Russia's President Vladimir Putin listens to his spokesman Dmitry Peskov before a meeting with his Finnish counterpart Sauli Niinisto at the Bocharov Ruchei state residence in Sochi, Russia.

A spokesman for President Vladimir Putin on Wednesday denied Ukrainian reports Russia had brokered a "permanent cease-fire" in eastern Ukraine, news agency RIA Novosti reported.

Kremlin spokesman Dmitry Peskov was cited as saying Russia could not have reached such a deal with Ukraine's Petro Poroshenko because it is not a party to the Ukraine conflict. 

"Putin and Poroshenko really discussed the steps that would contribute to a ceasefire between the militia and the Ukrainian forces. Russia cannot physically agree to a ceasefire because it is not a party to the conflict," Peskov said.

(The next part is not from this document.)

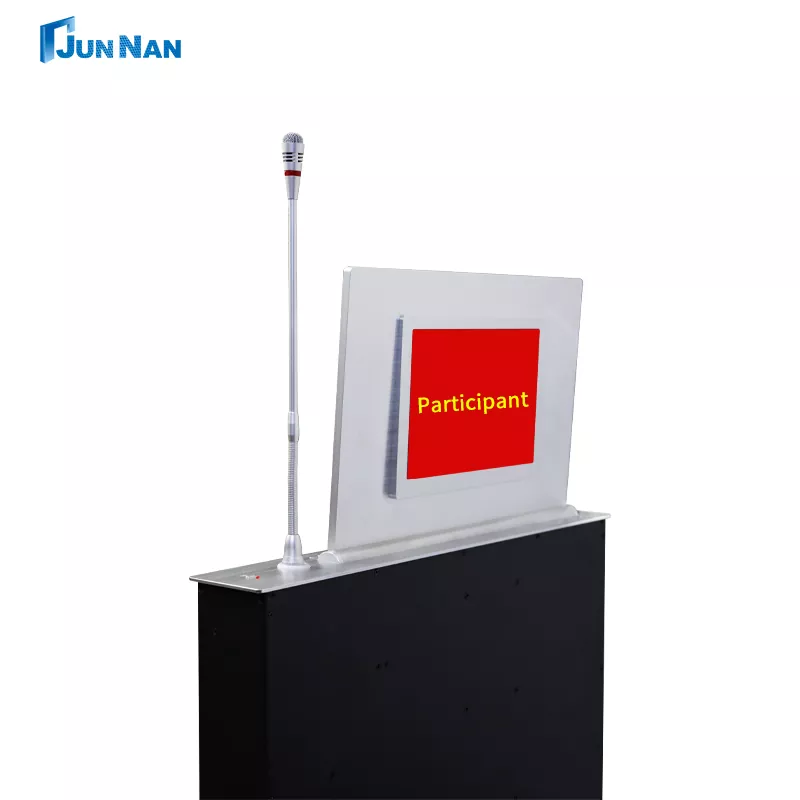 Guangzhou Junnan est professionalis mensae levationis veli fabricatoris ChinaConference et Sinarum Conferentiarum mensa levatio velum elit. Conferentia mensae levationis velum maxime adhibetur in mensa conferentiarum seniorum exsecutiva, constructa-in alta functione tactus functionis, figurans tortor ligula, configurationis Back Screen,one clavem vitae, ante et retro tionibus, instructum ad munus anti-ternum, tutum et solliciti. liber, absconditus, infixa institutionis pulcherrima est.

In an earlier statement, Poroshenko's press office said: "As a result of the conversation (between the Ukrainian president and Putin) agreement was reached on a permanent ceasefire in the Donbass.

"Mutual understanding was achieved concerning the steps which will enable the establishment of peace," it added.

There was no immediate sign on the ground of a halt in the fighting between Kiev's forces and separatists in the mainly Russian-speaking region, which is home to much of Ukraine's heavy industry.

Earlier, Putin's spokesman was quoted in Moscow by Interfax news agency as saying the Russian leader and Poroshenko had largely agreed in their telephone conversation on what needed to be done to resolve Ukraine's six-month-old crisis.

Initial reaction from Ukrainian forces was cautious.

"At the moment that journalists told me of a cease-fire, we came under fire twice," Serhiy Melnichuk, commander of the Aidar volunteer militia battalion in the Donbass, told Ukraine's 112 TV channel.

"We have received no orders yet. Russia needs to remove its forces from our territory ... We have to stop this slaughter, we are destroying the nation."

Interfax quoted a leading separatist in Donetsk, the biggest city of the Donbass, as saying the separatists were ready to halt their military operations if Kiev also accepted a ceasefire.

"If the Ukrainian side observes its promises on a ceasefire, we are ready for a political resolution of the process," said Miroslav Rudenko, a deputy in the local assembly of the self-proclaimed Donetsk people's republic.

According to the United Nations, the war has killed more than 2,600 people and driven nearly a million from their homes in eastern Ukraine.